• Task to complete
Every line from the first record below down to the line that includes "Colorful rabbit surrounded" must be reproduced exactly; the pictures are not.

** Data listing follows **

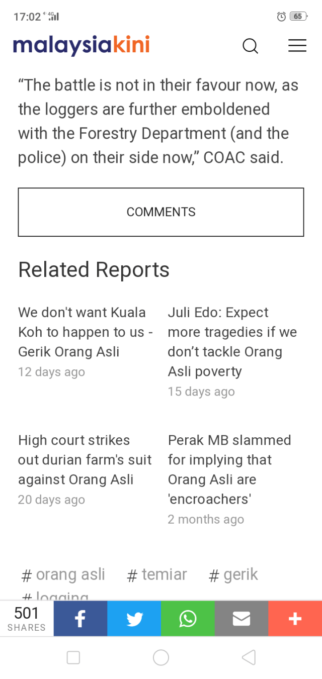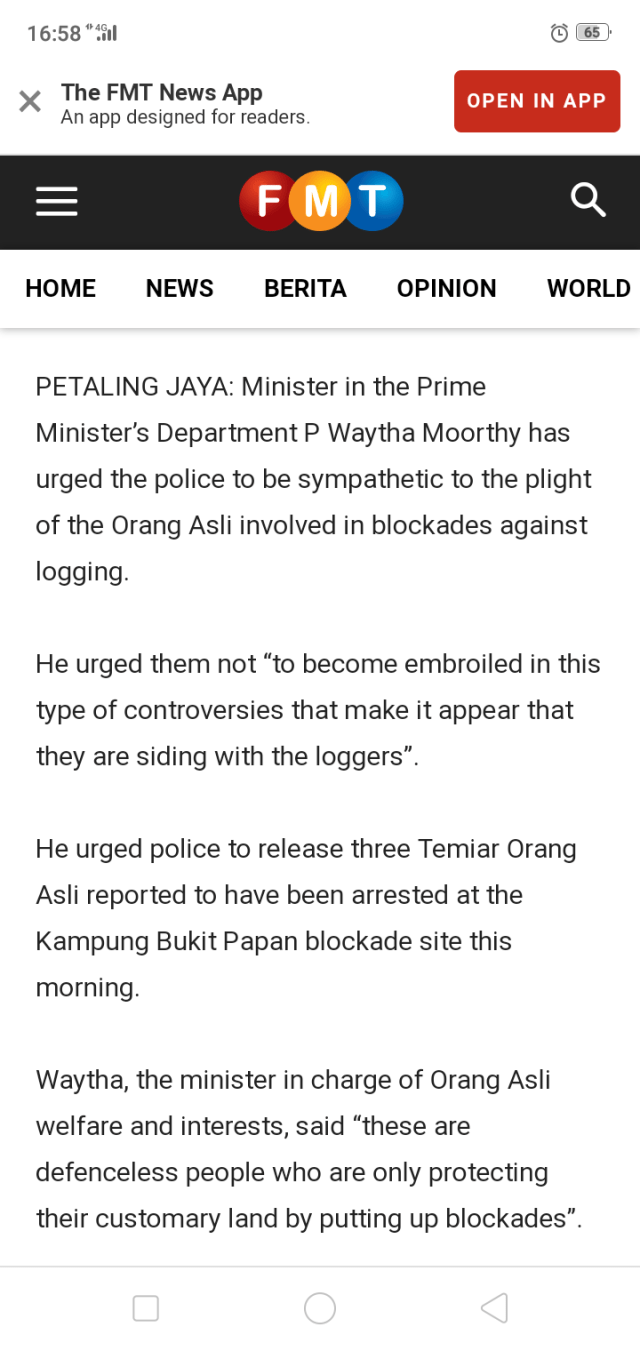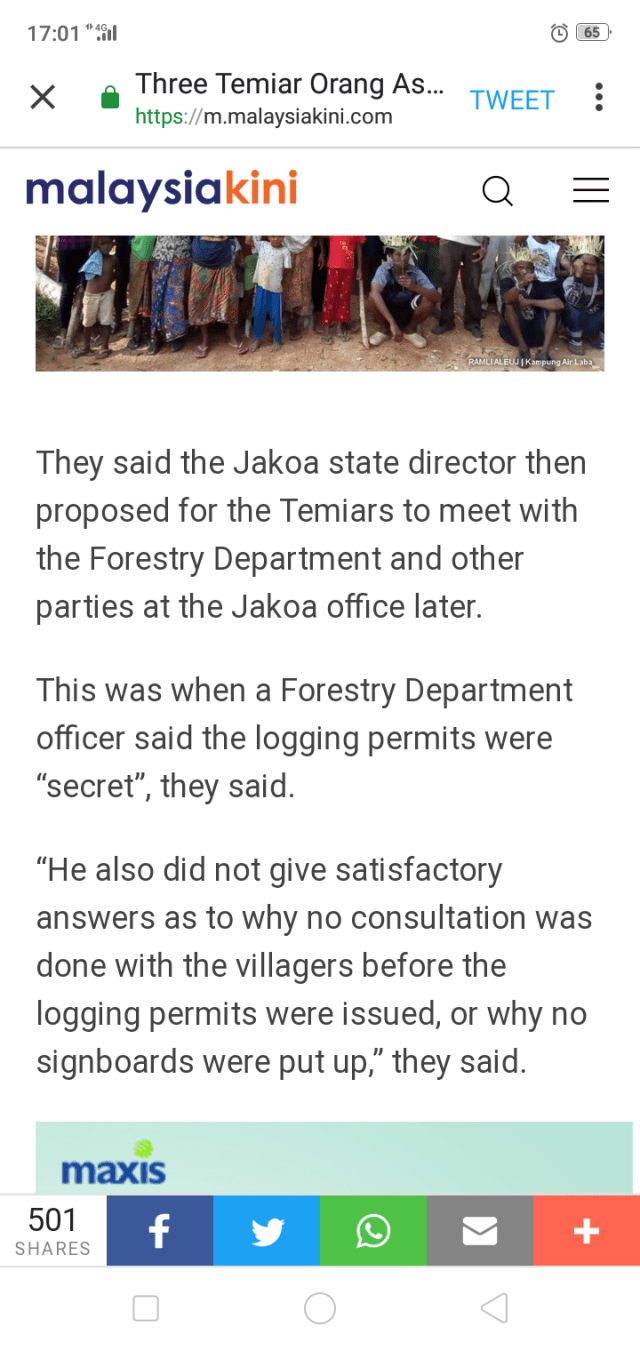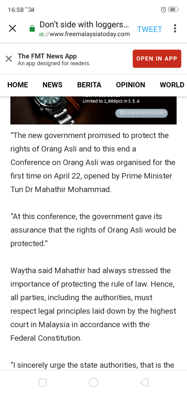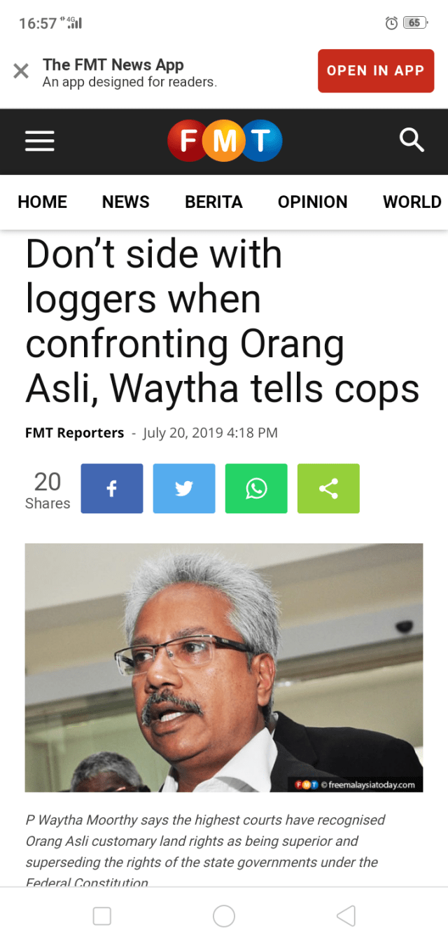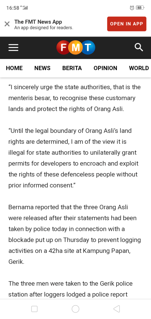 “Until the legal boundary of Orang Asli’s land rights is determined, I am of the view it is illegal for state authorities to unilaterally grant permits for logging concerns to encroach and exploit the rights of these defenceless people without prior informed consent,” said Waythamoorthy.
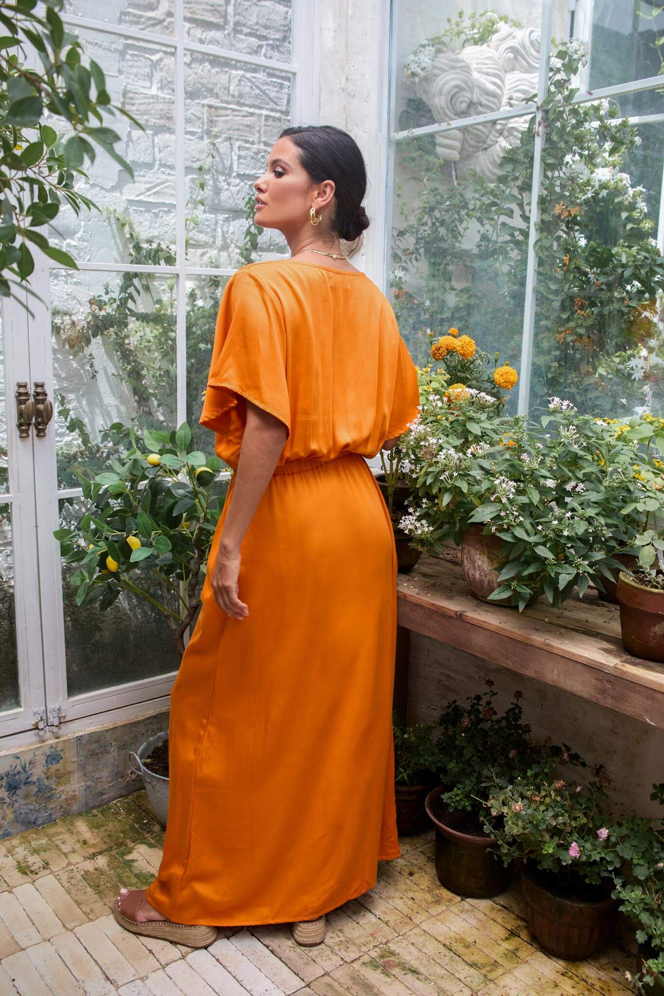 Vestido largo con cuello en V Alizée Naranja Quemado
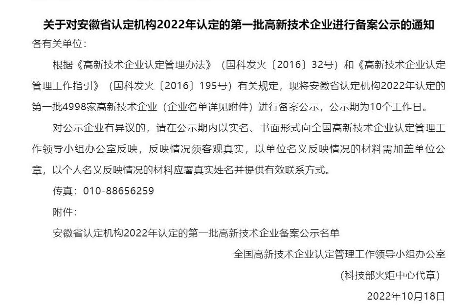 10月18日,安徽省认定机构对2022年认定的第一批高新技术企业进行了备案公示。安徽万向娱乐信息继2016年,2019年,第三次被认定为
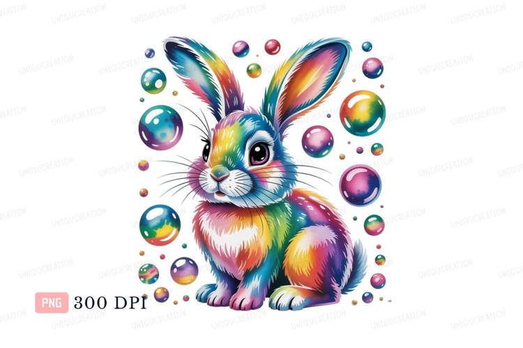 Colorful rabbit surrounded by bubbles bunny rainbow example image 1
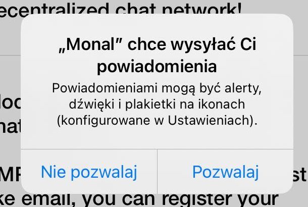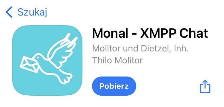 Po odnalezieniu Monala w Apple App Store (plakietka powinna nosić nazwę „Monal — XMPP Chat” oraz logo ptaka z kopertą na jasnoniebieskim tle), klikamy na przycisk „Pobierz”. Potwierdzamy instalację i czekamy na jej ukończenie. Po jej ukończeniu uruchamiamy Monala — pierwsze, o co nas zapyta aplikacja, to o uprawnienia do wysyłania powiadomień. W zależności od tego, czy lubimy zalew powiadomień czy też nie, możemy albo zablokować, albo dopuszczać powiadomienia z tej aplikacji. Kto co woli.
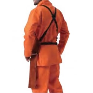 AP-6300 zástera z hovädzej štiepenky s niťou Kevlar pre úplnú ochranu hrudníka, proti rozstreku a plameňu pri zváraní.
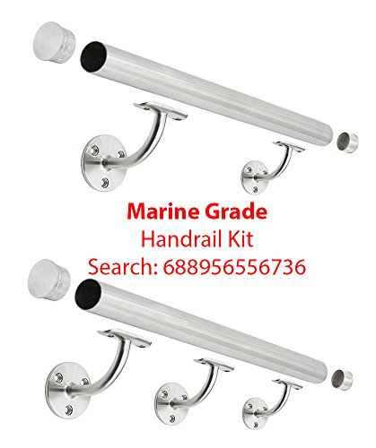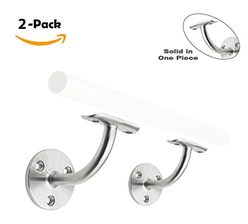 Stainless Steel 316 [Marine Grade] Wall Mount Handrail Bracket for Wood & Metal Stair Railing, Support 1-1/2" or 1-5/8" OD Round Tubing, 2-Pack

** End of Data listing **

• Exercise response
 “Until the legal boundary of Orang Asli’s land rights is determined, I am of the view it is illegal for state authorities to unilaterally grant permits for logging concerns to encroach and exploit the rights of these defenceless people without prior informed consent,” said Waythamoorthy.
 Vestido largo con cuello en V Alizée Naranja Quemado
 10月18日,安徽省认定机构对2022年认定的第一批高新技术企业进行了备案公示。安徽万向娱乐信息继2016年,2019年,第三次被认定为
 Colorful rabbit surrounded by bubbles bunny rainbow example image 1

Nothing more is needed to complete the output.